The management of benign and malignant tumours is significantly different.
Benign Salivary Gland Tumours
Pleomorphic Adenoma
The mainstay of treatment for this benign tumour is surgical excision. Surgical excision should be a superficial parotidectomy as there is significant risk of recurrence with enucleation (due to deficiencies of the capsule).
Radiotherapy to the parotid gland is indicated only when:
- There are positive surgical margins and significant risk to the facial nerve with re-excision
- Local recurrence unable to be treated surgically (usually after a second recurrence)
- Tumour spill during surgery
Dose is typically 50 Gy in 25 fractions delivered to the residual parotid.
Warthin Tumour
This benign tumour is well encapsulated and surgical excision is usually curative. Local recurrence is very uncommon. Radiotherapy for Warthin tumour is poorly described; case reports delivering similar doses to pleomorphic adenoma have met with good outcomes.
Malignant Salivary Gland Tumours
Primary Treatment
Surgery should be considered in almost all cases as the first therapy. It provides better local control. For very advanced lesions, or lesions that involve functional components of the head and neck (eg. facial nerve), the decision to proceed with surgery can be more complex.
Primary radiotherapy is delivered to a dose of 70 Gy in 35 fractions to the tumour. Regional nodes may be included if pathologically involved or at high risk of subclinical involvement (eg. poorly differentiated tumour, tumour > 4 cm, etc), in a similar manner to squamous cell carcinoma of the head and neck.

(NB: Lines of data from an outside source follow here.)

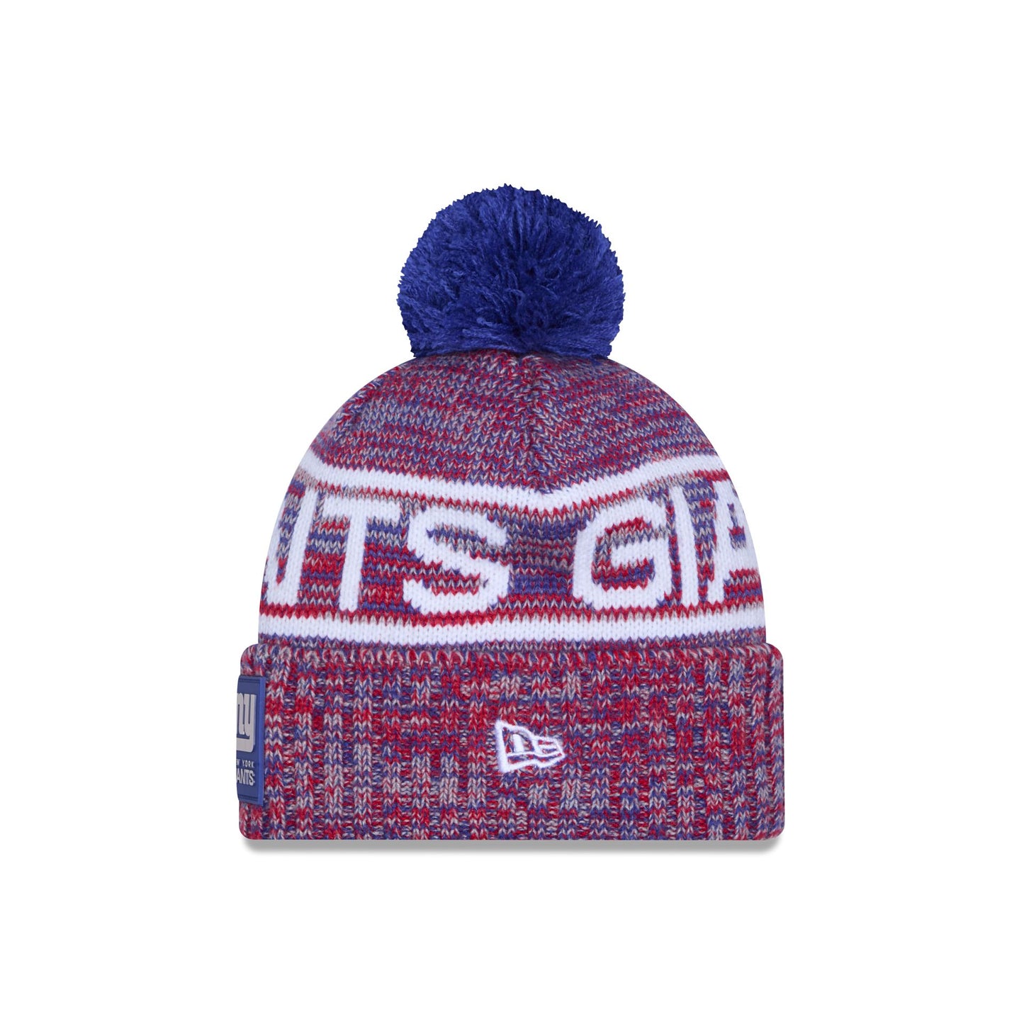 The New York Giants 2025 Sideline Cold Weather Pom Knit Hat features a sewn-down silicone Giants logo patch at the front cuff with a matching Official NFL Shield logo at the rear. Additional details include a team wordmark across the crown, a one-time removeable pom, and a fleece lining.
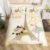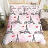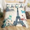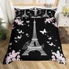 Eiffel Tower Bedding Set Twin Queen Pink Cherry Blossom Duvet Cover Romantic Theme Butterfly Print Comforter Cover for Girl Boys
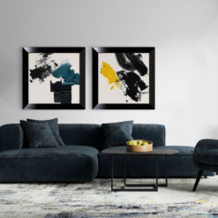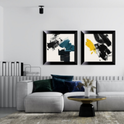 Obraz Abstract Composition no.1 to nieoczywista grafika przedstawiająca artystyczne ruchy pędzla, które zostały uchwycone w trójwymiarowy sposób dzięki zastosowaniu faktury farby. Kremowe tło dodaje elegancji i spokoju, natomiast kolory czarny i żółty wzbogacają całość i dodają dynamizmu. Obraz został umieszczony w eleganckiej, czarnej ramie z połyskiem, która idealnie podkreśla jego wyjątkowy charakter. Ramka pięknie odbija światło, co dodaje niepowtarzalnego efektu i sprawia, że obraz nabiera jeszcze większej głębi. Abstrakcyjny obraz z pewnością przypadnie do gustu miłośnikom nowoczesnego designu oraz osobom, które cenią sobie unikalne elementy dekoracyjne. Obraz doskonale sprawdzi się w salonie, sypialni lub biurze, nadając pomieszczeniu wyjątkowy klimat.
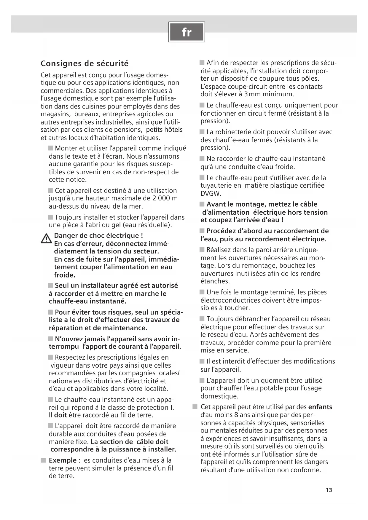 Consignes de sécurité Cet appareil est conçu pour l’usage domes- tique ou pour des applications identiques, non commerciales. Des applications identiques à l’usage domestique sont par exemple l’utilisa- tion dans des cuisines pour employés dans des magasins, bureaux, entreprises agricoles ou autres entreprises industrielles, ainsi que l’utili- sation par des clients de pensions, petits hôtels et autres locaux d’habitation identiques. ■ Monter et utiliser l’appareil comme indiqué dans le texte et à l’écran. Nous n’assumons aucune garantie pour les risques suscep- tibles de survenir en cas de non-respect de cette notice. ■ Cet appareil est destiné à une utilisation jusqu’à une hauteur maximale de 2 000 m au-dessus du niveau de la mer. ■ Toujours installer et stocker l’appareil dans une pièce à l’abri du gel (eau résiduelle). Danger de choc électrique ! En cas d’erreur, déconnectez immé- diatement la tension du secteur. En cas de fuite sur l’appareil, immédia- tement couper l’alimentation en eau froide. ■ Seul un installateur agréé est autorisé à raccorder et à mettre en marche le chauffe-eau instantané. ■ Pour éviter tous risques, seul un spécia- liste a le droit d’effectuer des travaux de réparation et de maintenance. ■ Nʼouvrez jamais l’appareil sans avoir in- terrompu l’apport de courant à l’appareil. ■ Respectez les prescriptions légales en vigueur dans votre pays ainsi que celles recommandées par les compagnies locales/ nationales distributrices d’électricité et d’eau et applicables dans votre localité. ■ Le chauffe-eau instantané est un appa- reil qui répond à la classe de protection I. Il doit être raccordé au fil de terre. ■ L’appareil doit être raccordé de manière durable aux conduites d’eau posées de manière fixe. La section de câble doit correspondre à la puissance à installer. ■ Exemple : les conduites d’eau mises à la terre peuvent simuler la présence d’un fil de terre. ■ Afin de respecter les prescriptions de sécu- rité applicables, l’installation doit compor- ter un dispositif de coupure tous pôles. L’espace coupe-circuit entre les contacts doit s’élever à 3 mm minimum. ■ Le chauffe-eau est conçu uniquement pour fonctionner en circuit fermé (résistant à la pression). ■ La robinetterie doit pouvoir s’utiliser avec des chauffe-eau fermés (résistants à la pression). ■ Ne raccorder le chauffe-eau instantané qu’à une conduite d’eau froide. ■ Le chauffe-eau peut s’utiliser avec de la tuyauterie en matière plastique certifiée DVGW. ■ Avant le montage, mettez le câble d’alimentation électrique hors tension et coupez l’arrivée d’eau ! ■ Procédez d’abord au raccordement de l’eau, puis au raccordement électrique. ■ Réalisez dans la paroi arrière unique- ment les ouvertures nécessaires au mon- tage. Lors du remontage, bouchez les ouvertures inutilisées afin de les rendre étanches. ■ Une fois le montage terminé, les pièces électroconductrices doivent être impos- sibles à toucher. ■ Toujours débrancher l’appareil du réseau électrique pour effectuer des travaux sur le réseau d’eau. Après achèvement des travaux, procéder comme pour la première mise en service. ■ Il est interdit d’effectuer des modifications sur l’appareil. ■ L’appareil doit uniquement être utilisé pour chauffer l’eau potable pour l’usage domestique. ■ Cet appareil peut être utilisé par des enfants d’au moins 8 ans ainsi que par des per- sonnes à capacités physiques, sensorielles ou mentales réduites ou par des personnes à expériences et savoir insuffisants, dans la mesure où ils sont surveillés ou bien qu’ils ont été informés sur l’utilisation sûre de l’appareil et qu’ils comprennent les dangers résultant d’une utilisation non conforme.14
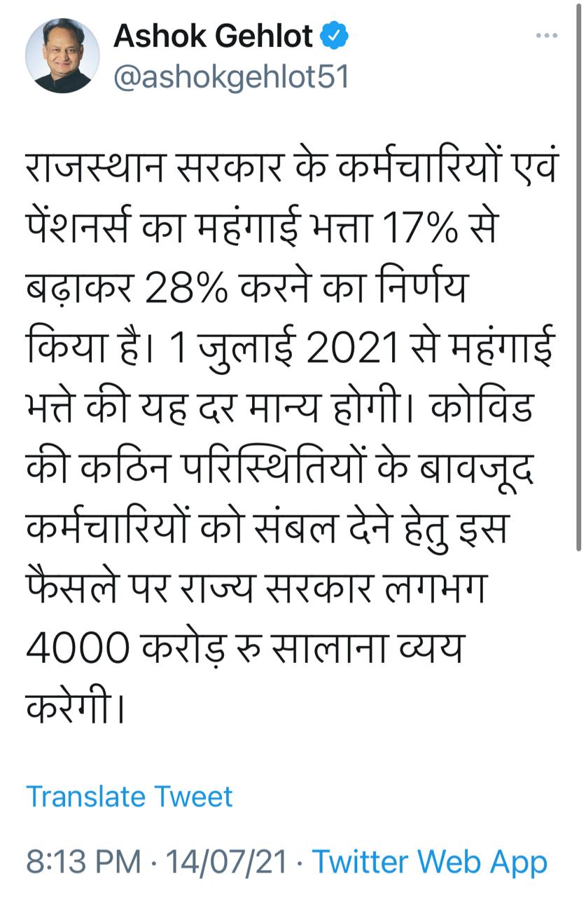 राजस्थान सरकार के कर्मचारियों एवं पेंशनर्स के लिए 1 जुलाई 2021 से महंगाई भत्ते की यह बढ़ी दर मान्य होगी। कोविड संकट के वक़्त इस फैसले पर राज्य सरकार लगभग 4000 करोड़ रु सालाना व्यय करेगी।
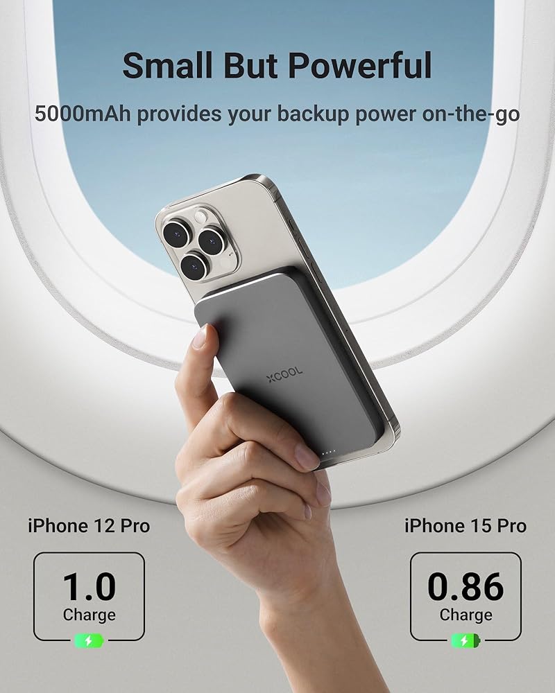 صغير ولكنه قوي: استمتع ببطارية احتياطية موثوقة مع بنك الطاقة المغناطيسي بسعة 5000 مللي أمبير في الساعة، مما يوفر ما يصل إلى 19 ساعة من وقت تشغيل الفيديو لجهاز iPhone 14 Pro Max. استمتع بشحن سلكي سريع بقدرة 20 واط يعمل على تشغيل هاتف iPhone 15 Pro الخاص بك بنسبة 58% في 35 دقيقة فقط. كما أنه يدعم الشحن اللاسلكي حتى 15 وات. استمتع بتجربة الطاقة الفعالة أثناء التنقل.
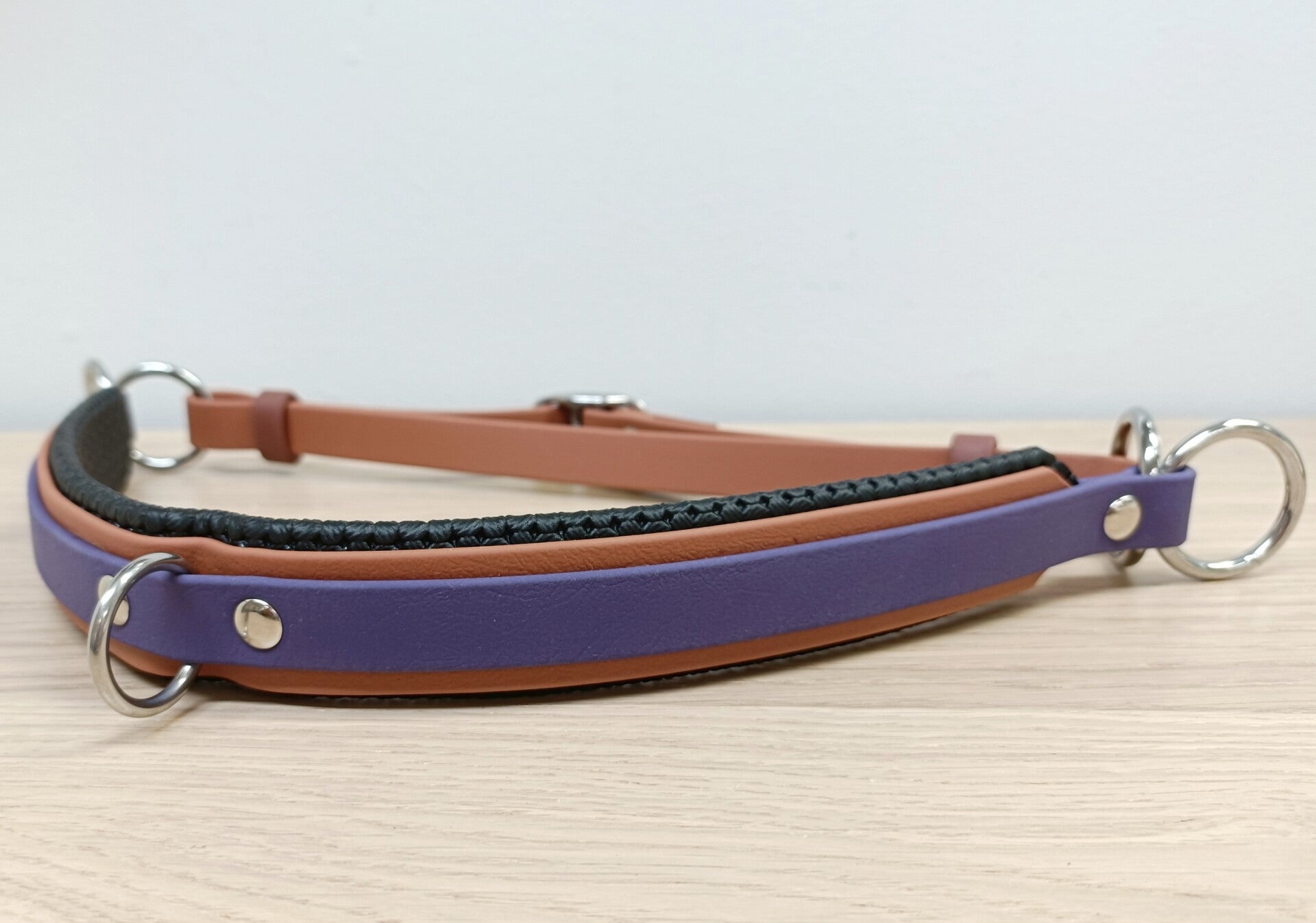 Standaard wordt deze neusriem gemaakt als sidepull neusriem en is er de optie om kaptoomringen toe te voegen.
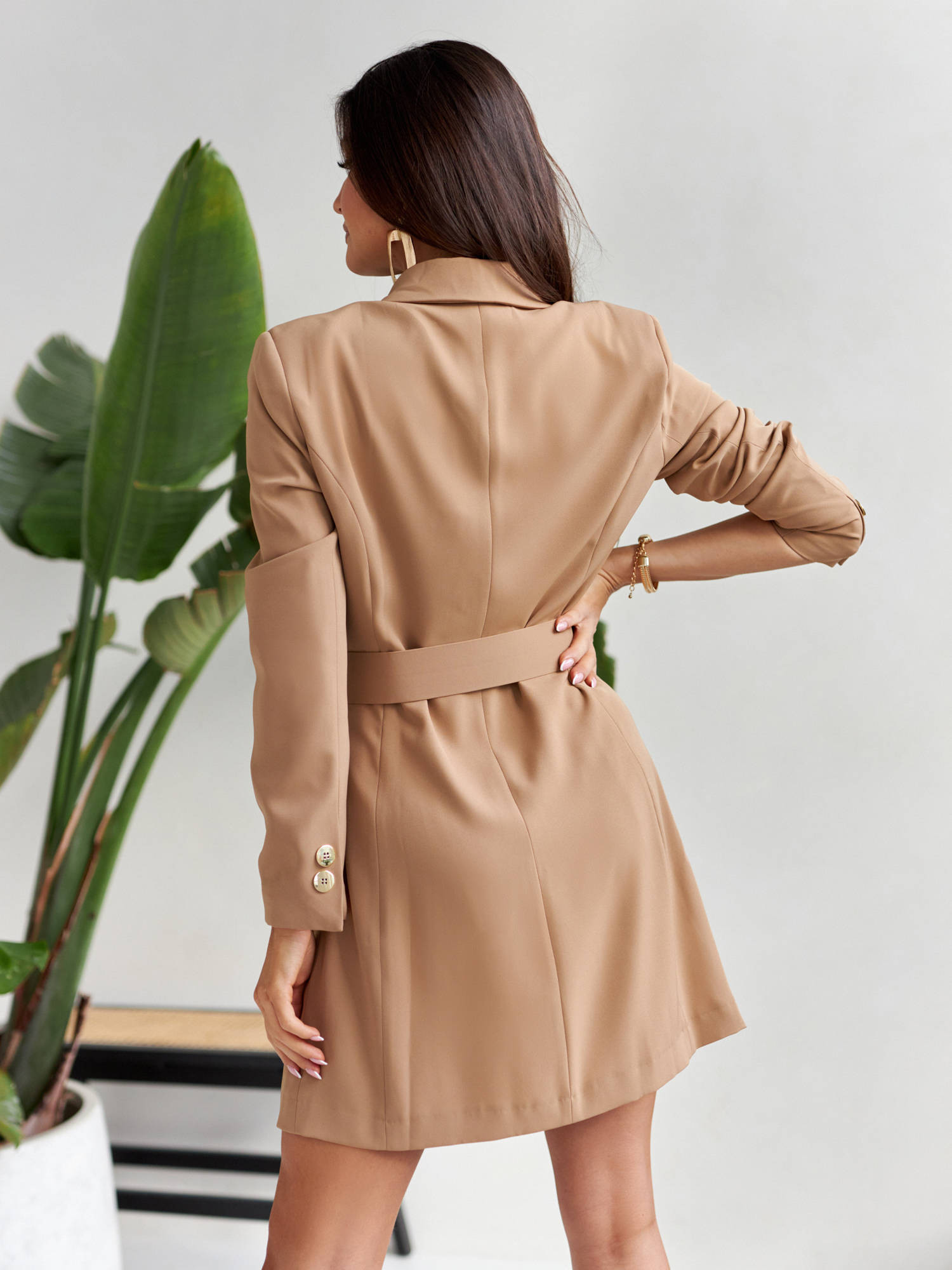 Karmelowa sukienka żakietowa z paskiem By o la la

Adjuvant radiotherapy is more complex. It is recommended when there is a high risk of recurrence:
- Recurrent disease
- Positive or close margins
- T3 or T4 tumours
- Perineural invasion of named or unnamed nerves
- Involvement of adjacent structures (including skin, bone)
- Adenoid cystic carcinoma subtype has a higher rate of local recurrence and radiotherapy should be considered more strongly in this group
Total dose should be 60 Gy except in cases of positive margins in which case 66-70 Gy should be employed to the tumour bed. Adenoid cystic carcinoma, or other carcinomas which show pathological evidence of perineural invasion, should have the nerves supplying the tumour bed irradiated back to the skull base (typically nerves V1, V2, V3 or VII).
Nodal treatment
Lymph node metastases are less predictable for salivary gland tumours. Treatment of the neck should always happen when there is clinically evident or PET positive disease. Elective treatment of the neck (neck dissection or 50 Gy) should be considered for:
- T2 or greater tumours
- Lymphovascular invasion
- High grade tumours
Parotid: Treat IB, II, III, IV. Consider V if there is clinical lymph node involvement.